§ **Problem**:
Write out all the entries word for word and omit any pictures.

Records for processing START

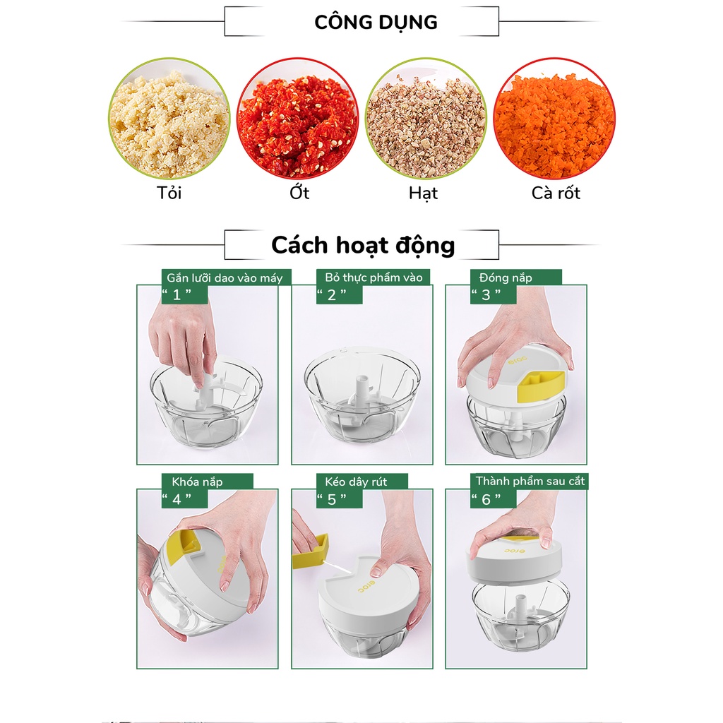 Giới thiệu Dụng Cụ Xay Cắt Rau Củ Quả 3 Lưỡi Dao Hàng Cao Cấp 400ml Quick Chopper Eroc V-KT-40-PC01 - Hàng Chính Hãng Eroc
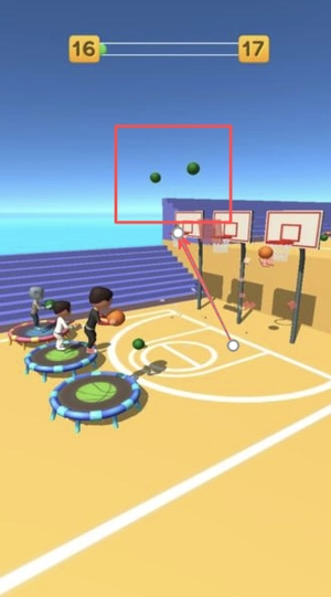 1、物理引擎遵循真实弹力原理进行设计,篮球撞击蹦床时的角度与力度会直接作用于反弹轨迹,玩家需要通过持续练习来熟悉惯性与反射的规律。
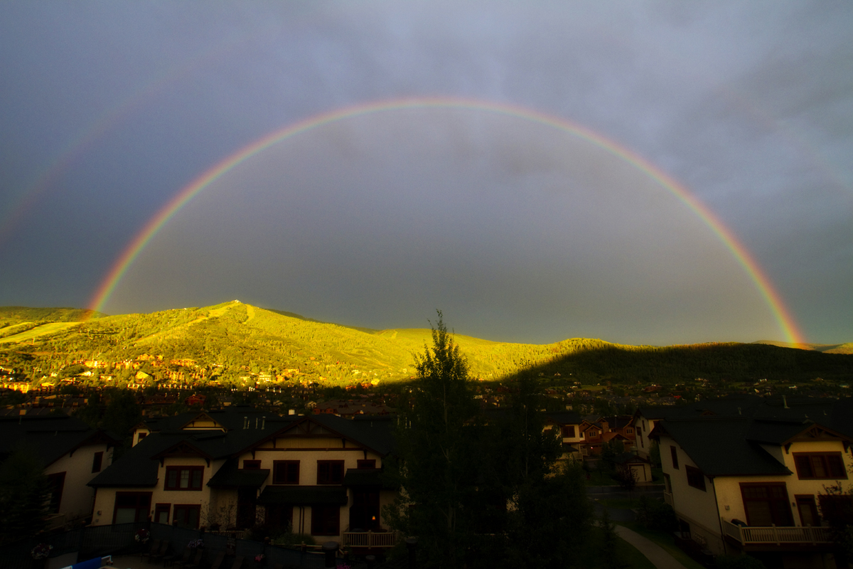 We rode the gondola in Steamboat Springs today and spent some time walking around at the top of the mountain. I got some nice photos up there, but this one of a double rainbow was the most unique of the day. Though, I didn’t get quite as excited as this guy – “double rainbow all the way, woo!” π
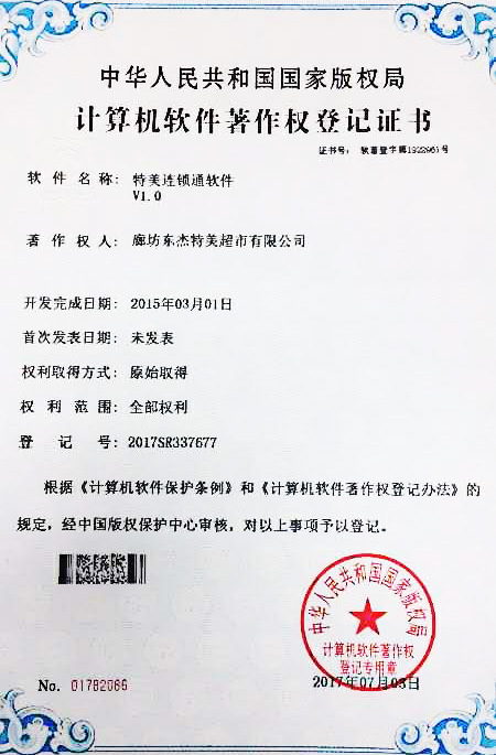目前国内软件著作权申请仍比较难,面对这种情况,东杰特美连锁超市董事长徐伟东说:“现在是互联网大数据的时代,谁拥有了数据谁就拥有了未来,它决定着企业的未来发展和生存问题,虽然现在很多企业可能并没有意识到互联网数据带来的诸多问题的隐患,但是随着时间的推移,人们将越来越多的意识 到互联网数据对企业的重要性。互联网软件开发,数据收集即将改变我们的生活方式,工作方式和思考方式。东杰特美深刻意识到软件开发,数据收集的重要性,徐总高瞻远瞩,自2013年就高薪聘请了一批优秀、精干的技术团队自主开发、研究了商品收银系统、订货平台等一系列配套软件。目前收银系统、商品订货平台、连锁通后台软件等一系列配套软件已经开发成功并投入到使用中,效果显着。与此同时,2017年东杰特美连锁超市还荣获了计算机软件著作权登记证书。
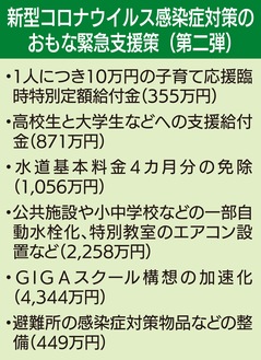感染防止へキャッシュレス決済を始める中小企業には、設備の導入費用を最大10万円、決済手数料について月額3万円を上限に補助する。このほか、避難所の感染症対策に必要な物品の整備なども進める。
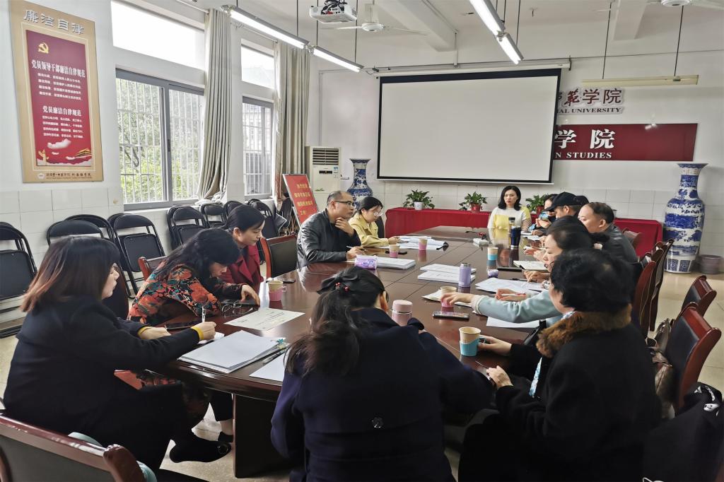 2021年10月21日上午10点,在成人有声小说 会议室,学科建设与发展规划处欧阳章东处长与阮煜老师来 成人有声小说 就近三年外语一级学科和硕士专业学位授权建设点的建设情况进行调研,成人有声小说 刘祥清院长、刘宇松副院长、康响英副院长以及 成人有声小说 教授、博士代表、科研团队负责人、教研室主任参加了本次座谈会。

Records for processing END

§ **Response to this task**:
 Giới thiệu Dụng Cụ Xay Cắt Rau Củ Quả 3 Lưỡi Dao Hàng Cao Cấp 400ml Quick Chopper Eroc V-KT-40-PC01 - Hàng Chính Hãng Eroc
 1、物理引擎遵循真实弹力原理进行设计,篮球撞击蹦床时的角度与力度会直接作用于反弹轨迹,玩家需要通过持续练习来熟悉惯性与反射的规律。
 We rode the gondola in Steamboat Springs today and spent some time walking around at the top of the mountain. I got some nice photos up there, but this one of a double rainbow was the most unique of the day. Though, I didn’t get quite as excited as this guy – “double rainbow all the way, woo!” π
目前国内软件著作权申请仍比较难,面对这种情况,东杰特美连锁超市董事长徐伟东说:“现在是互联网大数据的时代,谁拥有了数据谁就拥有了未来,它决定着企业的未来发展和生存问题,虽然现在很多企业可能并没有意识到互联网数据带来的诸多问题的隐患,但是随着时间的推移,人们将越来越多的意识 到互联网数据对企业的重要性。互联网软件开发,数据收集即将改变我们的生活方式,工作方式和思考方式。东杰特美深刻意识到软件开发,数据收集的重要性,徐总高瞻远瞩,自2013年就高薪聘请了一批优秀、精干的技术团队自主开发、研究了商品收银系统、订货平台等一系列配套软件。目前收银系统、商品订货平台、连锁通后台软件等一系列配套软件已经开发成功并投入到使用中,效果显着。与此同时,2017年东杰特美连锁超市还荣获了计算机软件著作权登记证书。
感染防止へキャッシュレス決済を始める中小企業には、設備の導入費用を最大10万円、決済手数料について月額3万円を上限に補助する。このほか、避難所の感染症対策に必要な物品の整備なども進める。
 2021年10月21日上午10点,在成人有声小说 会议室,学科建设与发展规划处欧阳章东处长与阮煜老师来 成人有声小说 就近三年外语一级学科和硕士专业学位授权建设点的建设情况进行调研,成人有声小说 刘祥清院长、刘宇松副院长、康响英副院长以及 成人有声小说 教授、博士代表、科研团队负责人、教研室主任参加了本次座谈会。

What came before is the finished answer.